Opinion: Tom Tunney vs. the Cubs

As a restaurateur, Tom Tunney is the perfect alderman for the 44th Ward. Running Lake View, the city’s densest, busiest neighborhood, is not much different from overseeing a kitchen on Saturday night. 

I once visited Tunney’s ward office, to interview him for a book I was writing. 

As he walked back to his sanctuary, paper coffee cup in the fore, he was intercepted by frantic aides. 

“I got a call from the elementary school, they say they need a pick-up zone in the morning and the afternoon,” one said. 

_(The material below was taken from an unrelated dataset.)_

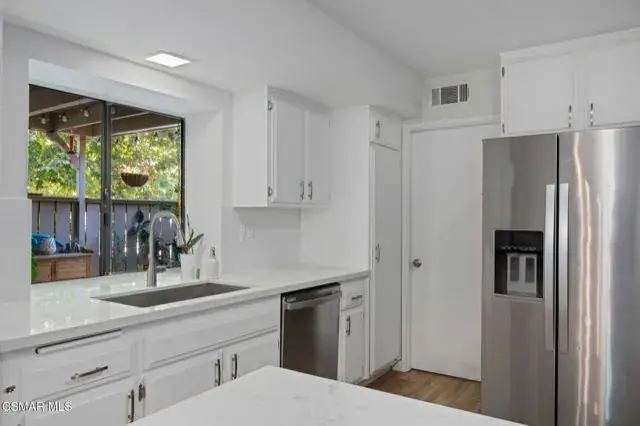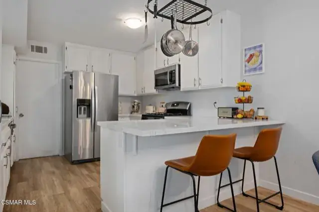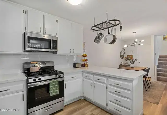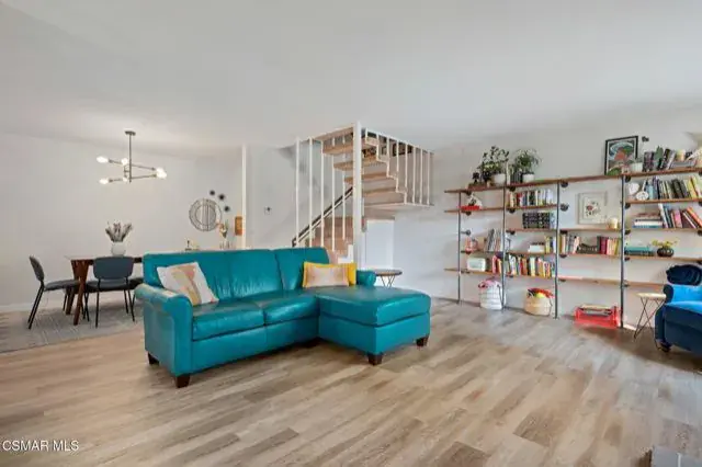 Welcome to this beautifully remodeled townhome in the sought-after Park Lane community of Simi Valley. Perfectly located near neighborhood parks, boutique shops, dining, and entertainment, this residence combines modern upgrades with everyday convenience.The bright and open floorplan features three bedrooms and one and a half bathrooms across two levels. The spacious living room, enhanced with newer wood laminate flooring and a cozy fireplace, flows seamlessly into the upgraded chef’s kitchen – complete with stainless steel appliances, quartz countertops, decorative tile backsplash, and a generous breakfast bar. The powder room is located right off the dining room conveniently for all guests.Upstairs, the primary suite offers a private balcony with scenic views and an elegantly updated bath. Two additional bedrooms provide comfort and flexibility, each complemented by plush carpeting. The upstairs full bathroom has been fully remodeled with stylish designer finishes.Additional highlights include fresh interior paint, smooth ceilings, updated lighting and hardware, central A/C, and a dedicated laundry room. A large private covered patio provides the perfect setting for relaxing or entertaining outdoors.Residents of Park Lane enjoy access to community amenities including a sparkling pool, grassy pathways, and play areas. With its prime location and turnkey upgrades, this home presents a remarkable opportunity in Simi Valley.

“We need to work on a date for the Jimmy Buffet concert in Wrigley Field,” another pestered. 

“Okay,” Tunney barked. “We’ll do that this afternoon. I’m going to be in a MEETING HERE!” 

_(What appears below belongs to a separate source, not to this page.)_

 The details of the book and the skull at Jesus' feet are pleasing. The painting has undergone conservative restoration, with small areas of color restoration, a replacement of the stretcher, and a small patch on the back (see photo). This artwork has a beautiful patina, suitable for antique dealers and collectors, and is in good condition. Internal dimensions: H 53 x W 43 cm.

One of an alderman’s most important functions is housekeeping, and nobody has more housekeeping to do than Tunney, who has to balance the interests of a major league baseball stadium, a string of nightclubs and bars, a harbor, a gay ghetto, and wealthy, politically assertive homeowners who can always move to the suburbs if they don’t like they way things are going in Lake View.

But the Sun-Times is now accusing Tunney of playing favorites in a conflict between the Cubs and the neighborhood they define. Tunney is opposing the team’s plan to put up billboards that will block the view of rooftop clubs across the street. The newspaper sees a connection between Tunney’s decision and the clubs’ generosity to his campaign funds. 

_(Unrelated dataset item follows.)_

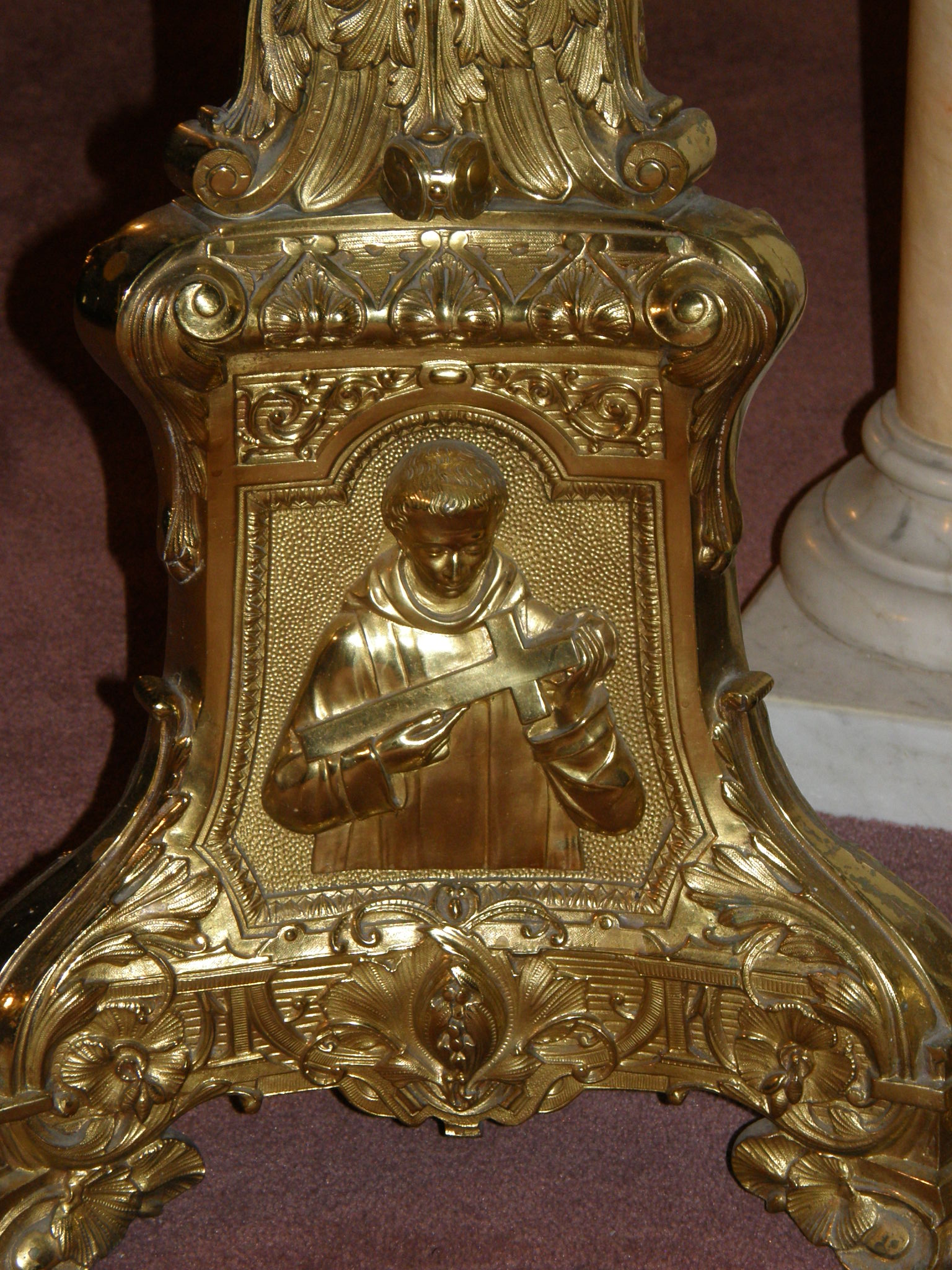Base of candlestick, saint carrying a cross, Perboyre (?)

The checks to the Citizens for Tunney fund included $2,500 from George Loukas — who owns the Cubby Bear Lounge as well as rooftop clubs — and $1,000 apiece from Ivy League Baseball Club and Right Field Rooftop LLC, owners of the Skybox on Sheffield club. 

That makes at least $171,356.50 in all that Tunney has received from owners of the clubs, which offer fans a rooftop vantage to see Cubs games. 

That’s nearly 10 percent of all the campaign money the North Side alderman has raised since he ran successfully for his first Chicago City Council term in 2003, according to a Chicago Sun-Times analysis of campaign-finance records. 

Rooftop club owners have given another $15,675 to Tunney’s Democratic organization in the 44th Ward, which includes Wrigley. 

The Cubs receive a royalty from the clubs, but the team’s owner, the Ricketts family, may figure billboards are a surer thing, especially since some clubs have experienced financial difficulties since the recession began. It’s an issue no other baseball team faces, since no other major-league stadium is so well-integrated into an urban neighborhood. That’s just another reason Tunney has the most challenging job on the City Council.